Delicata Squash with Pears and Walnuts
  • 1 large delicata squash (other winter squash varieties will likely do)
  • 2 pears, cut into 1-inch cubes
  • 1/2 tsp. chili powder
  • 1 tbsp. maple syrup
  • 1/2 C. chopped walnuts
Heat the oven to 425 degrees. Slice the squash in half lengthwise and scrape out the seeds. (The seeds remind me of pumpkin seeds - are they similar?) Then slice the halves crosswise into 1/2-inch slices. Then mix all ingredients in a large bowl or simply mix everything on the baking sheet. Throw it all in the oven for 20-25 minutes, or until the squash is tender. Serve warm.

This recipe came out deliciously! The tender squash and sweet pears mixed wonderfully with the crunchy walnuts, and the sweetness of the maple syrup balanced perfectly with the chili powder. Normally with a recipe like this one I might have used cinnamon instead of chili powder, which would have been fine I'm sure, but I'm glad Eating Well gave me the idea for something different. It made the recipe far more dynamic and delicious.

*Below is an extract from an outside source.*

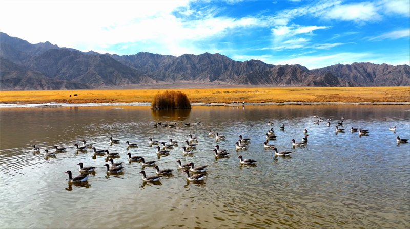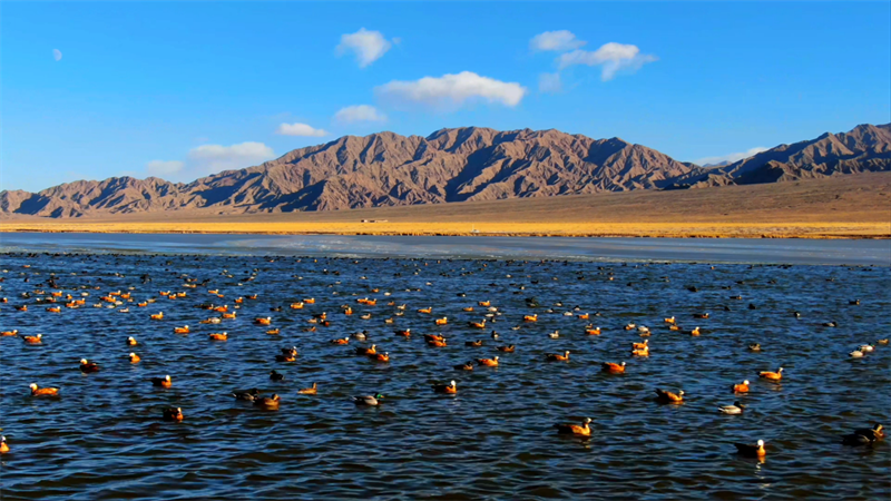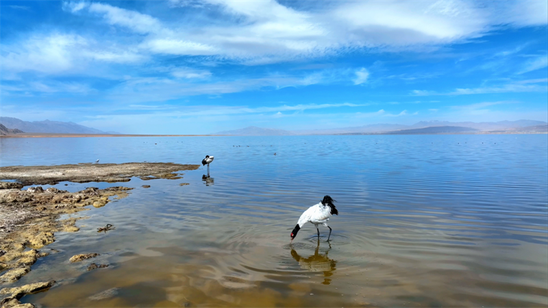 初冬時節(jié),在青海省海西蒙古族藏族自治州烏蘭縣都蘭湖國家濕地公園內,四只國家一級保護動物黑頸鶴,踏著黑色細長的腿在湖中閑庭信步,與斑頭雁、赤麻鴨一起嬉戲覓食,盡顯柴達木盆地濕地生態(tài)之美。

Our last new recipe tonight, caprese burgers, was not a new one but certainly is a favorite. And given that this blog has "burgers" in its title, I promise to provide many varieties of burger ideas!

Caprese Burgers
Serves 4
  • 4 slices whole-wheat sourdough bread, halved
  • 1 lb. ground meat (we have used turkey or beef, but lamb would also be yummy)
  • 4 oz. freshly sliced mozzarella
  • 1 medium tomato (we used heirloom)
  • Freshly chopped basil
  • 1 tsp. extra virgin olive oil
  • Salt and pepper to taste
  • Balsamic vinegar
Heat the olive oil in a grill pan over medium-high heat. Mix the meat, pepper, and salt in a small bowl and form into patties, then add to the grill pan. Cook for 4 minutes on each side (more for well-done). Meanwhile, toast the bread, slice the tomatoes and mozzarella, and chop the basil. When the burgers are almost done, top with the mozzarella and cover with foil to melt the cheese a little. To assemble, stack the patty, cheese, tomato, and basil, then pour the balsamic over the toppings before adding the top bread. The flavors come together just like a caprese salad!

And for dessert...Mom's famous chocolate chip cookies! This recipe deserves its own post, not just for the deliciousness but also for the memories I have with my mom, our big brown bowl, and the smell of chocolate chips melting in the oven. Right now, we're off to enjoy the end of Invictus (which is, so far, a tremendous movie!) and a few of these chocolate-chip delights. Here goes another big week!